Class 8 Maths Notes Chapter 1 – Class 8 A Square and A Cube Notes

→ A number obtained by multiplying a number by itself is called a square number. Squares of natural numbers are called perfect squares.

→ All perfect squares end with 0, 1, 4, 5, 6 or 9. Squares can only have an even number of zeros at the end.

→ Square root is the inverse operation of square. Every perfect square has two integral square roots. The positive square root of a number is denoted by the symbol √.
For example, √9 = 3.

→ A number obtained by multiplying a number by itself three times is called a cube.
For example 1, 8, 27, … ,etc., are cubes.

→ A number is a perfect square if its prime factors can be split into two identical groups.

→ A number is a perfect cube if its prime factors can be split into three identical groups

→ The symbol \(\sqrt[3]{ }\) denotes cube root.
For example, \(\sqrt[3]{27}\) = 3.

Queen Ratnamanjuri had a will written that described her fortune of ratnas (precious stones) and also included a puzzle. Her son Khoisnam and their 99 relatives were invited to the reading of her will. She wanted to leave all of her ratnas to her son, but she knew that if she did so, all their relatives would pester Khoisnam forever. She hoped that she had taught him everything he needed to know about solving puzzles. She left the following note in her will: “I have created a puzzle. If all 100 of you answer it at the same time, you will share the ratnas equally. However, if you are the first one to solve the problem, you will get to keep the entire inheritance to yourself. Good luck.”

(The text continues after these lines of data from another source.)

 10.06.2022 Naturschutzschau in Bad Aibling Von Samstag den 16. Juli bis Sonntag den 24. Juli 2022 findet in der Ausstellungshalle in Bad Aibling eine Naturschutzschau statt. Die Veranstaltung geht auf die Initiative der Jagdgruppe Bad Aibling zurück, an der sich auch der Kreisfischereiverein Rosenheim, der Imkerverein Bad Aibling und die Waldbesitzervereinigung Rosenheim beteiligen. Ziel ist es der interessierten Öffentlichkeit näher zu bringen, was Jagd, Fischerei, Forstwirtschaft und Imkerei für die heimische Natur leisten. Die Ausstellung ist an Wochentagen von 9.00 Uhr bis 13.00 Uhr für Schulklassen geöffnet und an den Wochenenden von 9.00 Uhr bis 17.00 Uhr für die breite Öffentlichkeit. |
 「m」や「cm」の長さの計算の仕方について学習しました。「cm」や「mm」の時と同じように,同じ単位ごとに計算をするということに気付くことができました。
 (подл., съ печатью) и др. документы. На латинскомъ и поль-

The minister took Khoisnam and his 99 relatives to a secret room in the mansion containing 100 lockers.
The minister explained “Each person is assigned a number from 1 to 100.

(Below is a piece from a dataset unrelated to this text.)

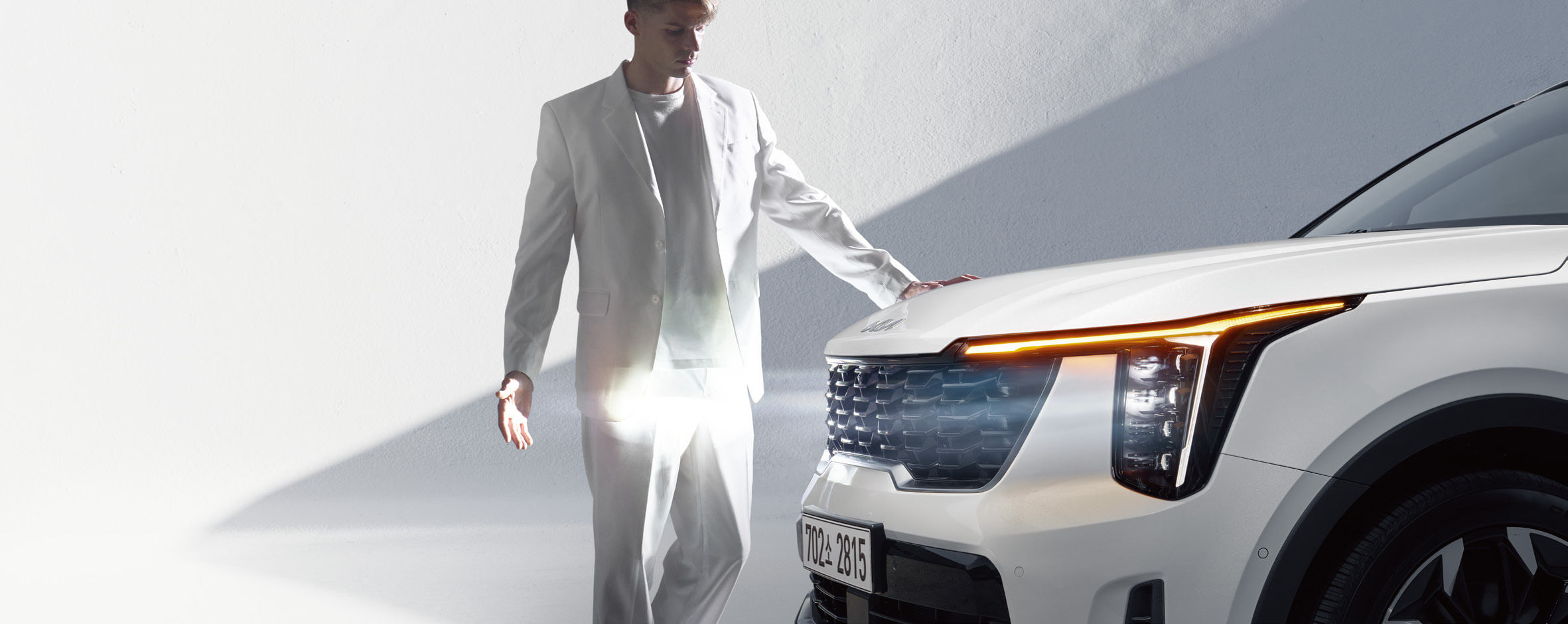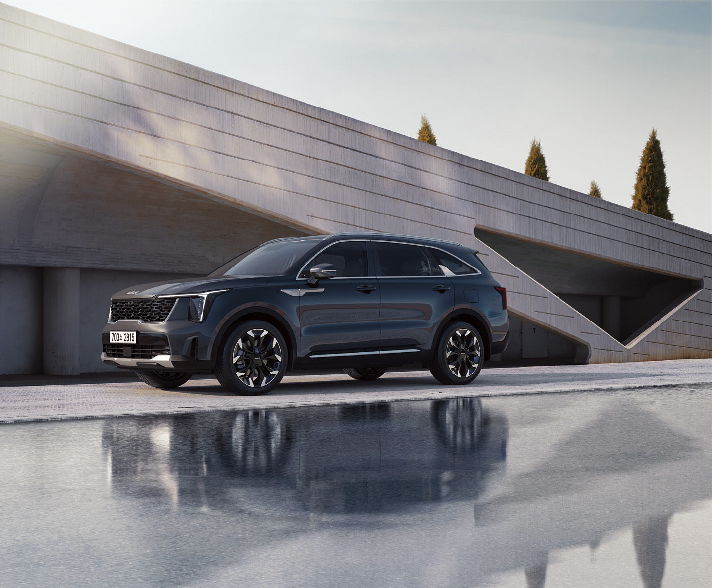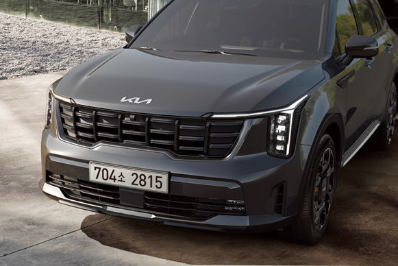 2025 쏘렌토는 현대적이고 강인한 외관을 자랑합니다. 전면 그릴과 날카로운 LED 라이트가 돋보입니다.
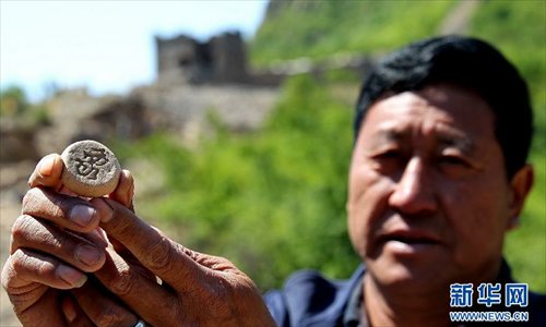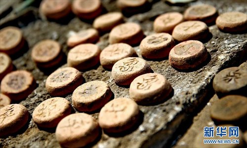 Pictured are Chinese chess pieces discovered by workers during a recent renovation of the Great Wall in Qinhuangdao, Hebei Province on May 5. The pieces date back to the Ming Dynasty (1368-1644). Photo: xinhuanet.com

• Person 1 opens every locker.
• Person 2 toggles every 2nd locker (i.e., closes it if it is open, opens it if it is closed).
• Person 3 toggles every 3rd locker (3rd, 6th, 9th, … and so on).
• Person 4 toggles every 4th locker (4th, 8th, 12th, … and so on).

This continues until all 100 get their turn. In the end, only some lockers remain open. The open lockers reveal the code to the fortune in the safe.

If a locker is toggled an odd number of times, it will be open. Otherwise, it will be closed. The number of times a locker is toggled is the same as the number of factors of the locker number.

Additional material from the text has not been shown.